Once associated with tumbleweeds, cowboys and a gun-toting trout of a mascot (Google “Kami the Fish”), Kamloops has become increasingly sophisticated while maintaining its frontier charm. You won’t find much evidence of Kami today, though ranching and farming continue, with hops grown locally. The area has attracted an eclectic group of oenophiles and foodies who’ve left larger centres to create something new. Here are just three of many spots to visit.

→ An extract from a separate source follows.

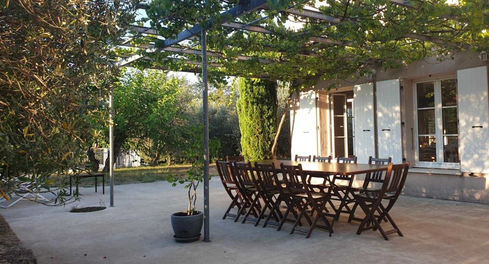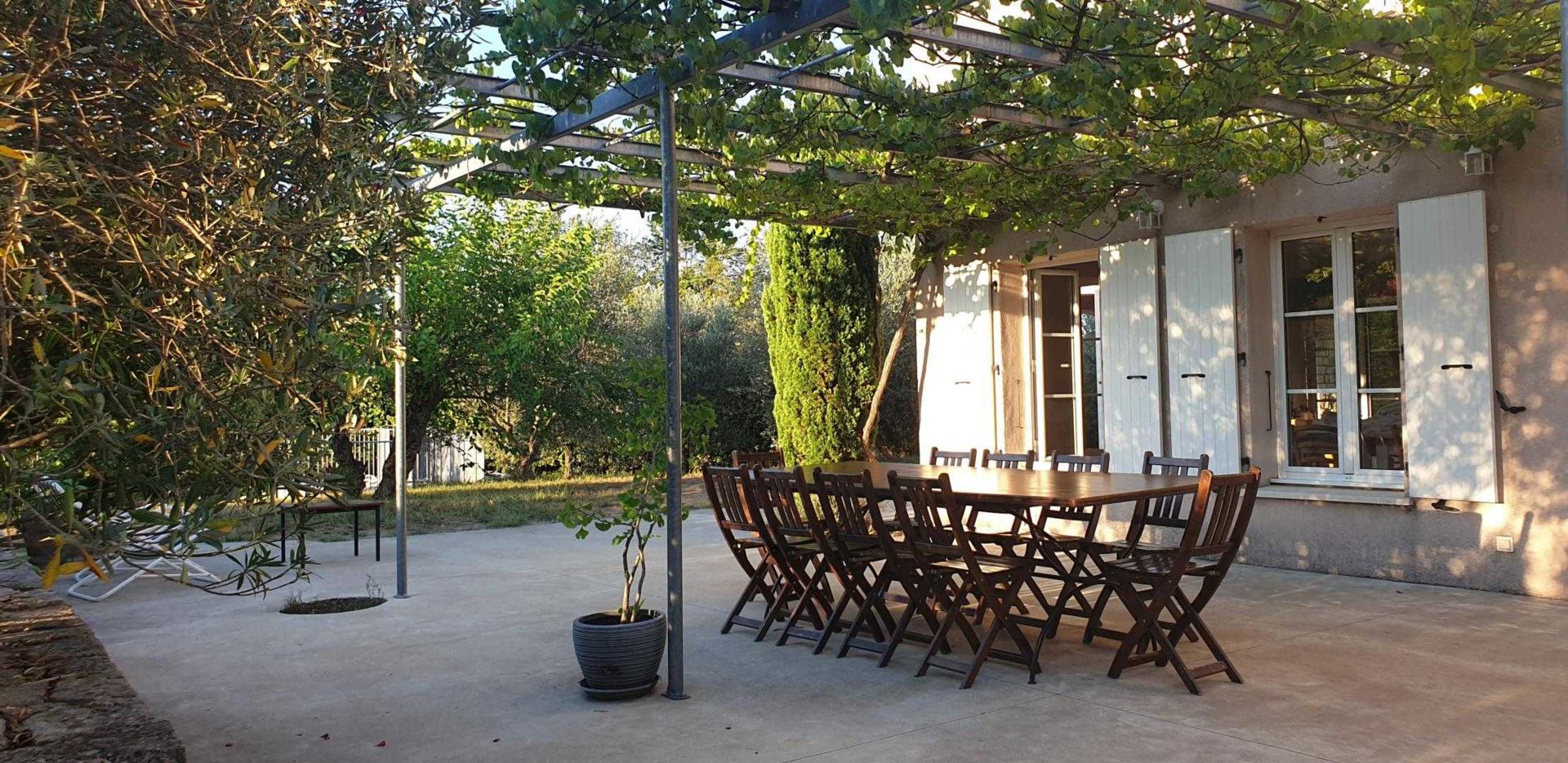 Très belle maison indépendante, idéale pour réunions de familles ou rencontres entre amis, en Ardèche méridionale. Terrasse ombragée par la tonnelle pour le soleil du matin, une autre plus spacieuse couverte pour l’ensoleillement max., piscine chauffée.

Originally from Edmonton, Mitch Forgie and his wife, Edna, own Red Beard Cafe, a bright spot on Kamloops’ developing North Shore. Once just a daytime coffee shop, Red Beard has expanded to feature a full menu, thirteen rotating taps of craft beer and local wine. They also helped found a beer festival, Brew Loops (September). Stop in for breakfast and some of the best espresso in town, or time your visit with one of their special dinner-series events with unique six courses sourced locally, each with an accompanying beer (a recent one included Oregon’s Ale Apothecary Sahalie Wild Ale). The place to be.
Not to be confused with Red Beard, Red Collar (a tip of the hat to the resident dog) is located in downtown Kamloops. The 80-seat taproom, founded in 2014 by Munich-trained world traveller David Beardsall and family, features an open space with concrete floor that brings to mind Vancouver’s Yaletown or a tech startup. You’ll find at least 10 beers here, including IPA, Dubbel, Tripel (9%) and a Belgian Witbier; what makes them special is the Kamloops water, which is similar to Pilsen’s (used in Pilsner). Sample them all during a lively happy hour with locals and hipsters, or pick up a bottle, squealer or growler to go.
The Kamloops Wine Trail is right off the Trans-Canada, making it a convenient stop en route. Make one of those stops Monte Creek Ranch. General manager Erik Fisher arrived in Kamloops after 13 years with the Okanagan’s Peller Estates. Today he oversees this winery, which covers 1200 acres on both sides of the Thompson River. Have lunch on the scenic patio under the Lion’s Head Mountain while sampling a variety of whites and reds, including the 2015 Riesling, 2014 Frontenac Gris, and the 2013 Foch. Or try the grassfed Black Angus cattle beef jerky, haskap berry jam and honey from onsite bees. For the truly adventurous, there’s Sweat & Sip (yes, that’s bootcamp with wine).